| YOUR ASSIGNMENT |
Output all of the data exactly as it appears, but leave out any pictures it contains.

| GIVEN INFORMATION |
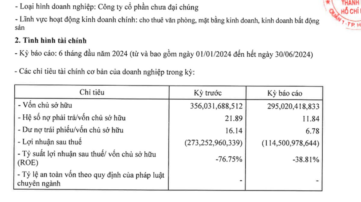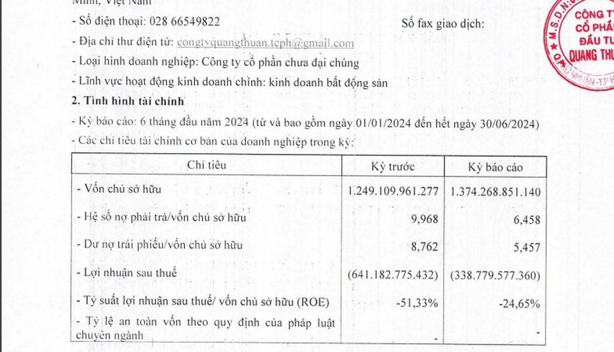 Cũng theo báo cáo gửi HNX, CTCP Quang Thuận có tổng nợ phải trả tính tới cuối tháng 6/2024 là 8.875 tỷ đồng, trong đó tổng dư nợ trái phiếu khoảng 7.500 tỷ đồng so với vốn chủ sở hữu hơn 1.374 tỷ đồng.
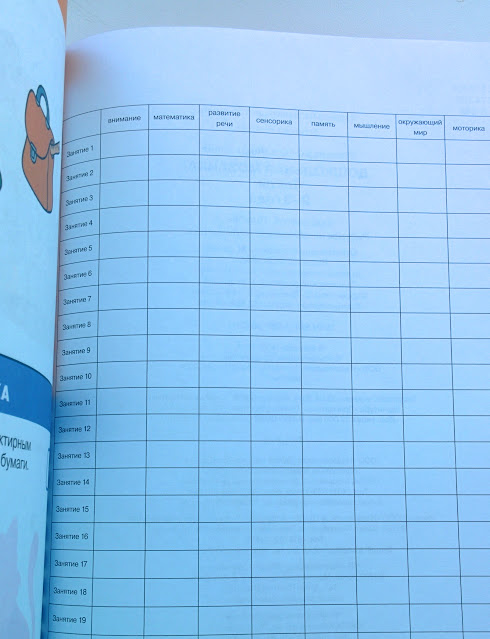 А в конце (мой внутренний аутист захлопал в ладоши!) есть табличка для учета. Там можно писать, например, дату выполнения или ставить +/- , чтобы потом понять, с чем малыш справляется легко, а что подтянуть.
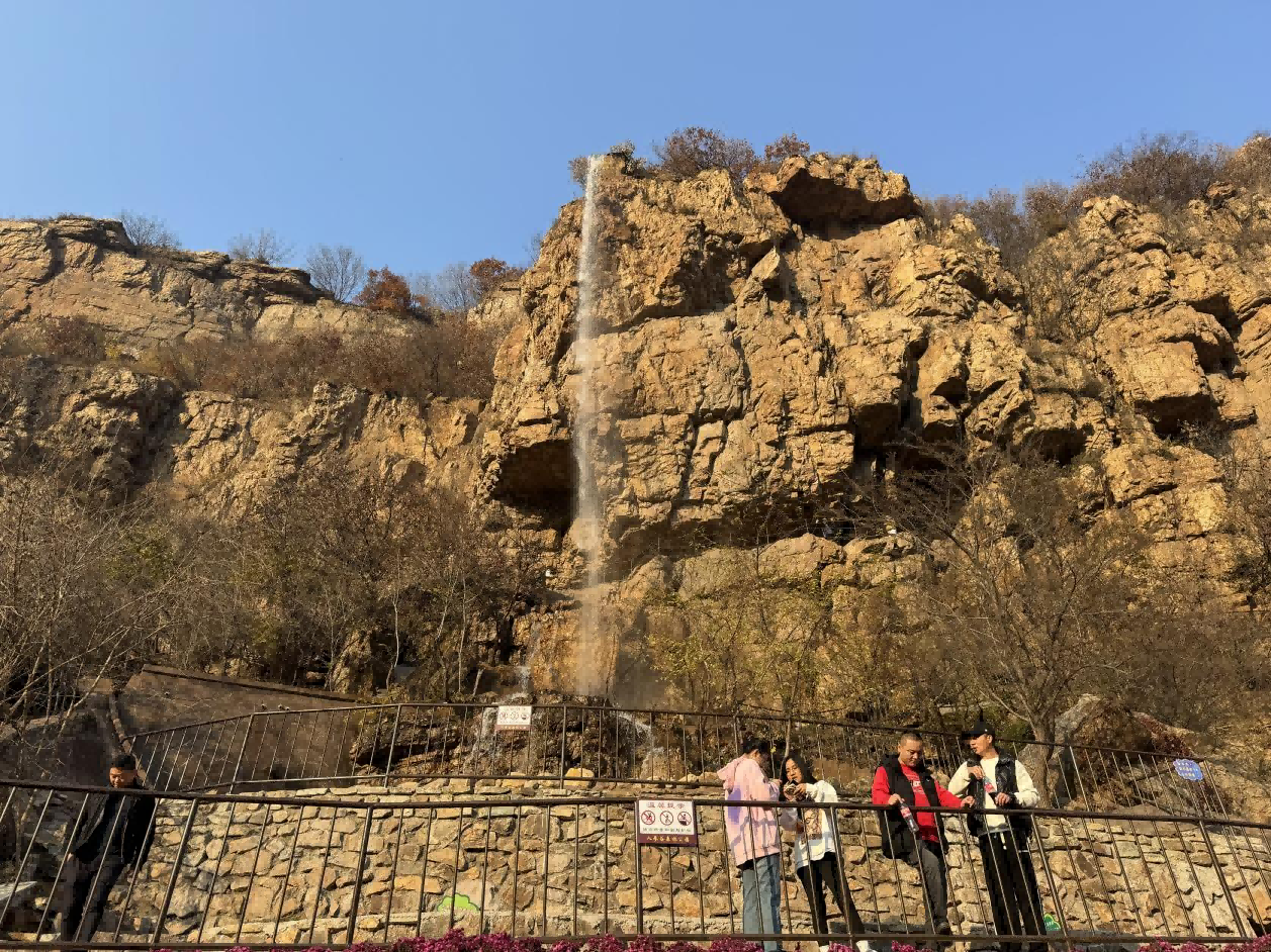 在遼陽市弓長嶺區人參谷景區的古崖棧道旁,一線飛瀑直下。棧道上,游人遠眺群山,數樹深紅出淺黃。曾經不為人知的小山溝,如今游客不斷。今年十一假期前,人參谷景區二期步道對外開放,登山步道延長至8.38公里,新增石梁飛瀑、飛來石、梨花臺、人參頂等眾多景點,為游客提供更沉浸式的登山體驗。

| RESPONSE TO THE TASK |
 Cũng theo báo cáo gửi HNX, CTCP Quang Thuận có tổng nợ phải trả tính tới cuối tháng 6/2024 là 8.875 tỷ đồng, trong đó tổng dư nợ trái phiếu khoảng 7.500 tỷ đồng so với vốn chủ sở hữu hơn 1.374 tỷ đồng.
 А в конце (мой внутренний аутист захлопал в ладоши!) есть табличка для учета. Там можно писать, например, дату выполнения или ставить +/- , чтобы потом понять, с чем малыш справляется легко, а что подтянуть.
 在遼陽市弓長嶺區人參谷景區的古崖棧道旁,一線飛瀑直下。棧道上,游人遠眺群山,數樹深紅出淺黃。曾經不為人知的小山溝,如今游客不斷。今年十一假期前,人參谷景區二期步道對外開放,登山步道延長至8.38公里,新增石梁飛瀑、飛來石、梨花臺、人參頂等眾多景點,為游客提供更沉浸式的登山體驗。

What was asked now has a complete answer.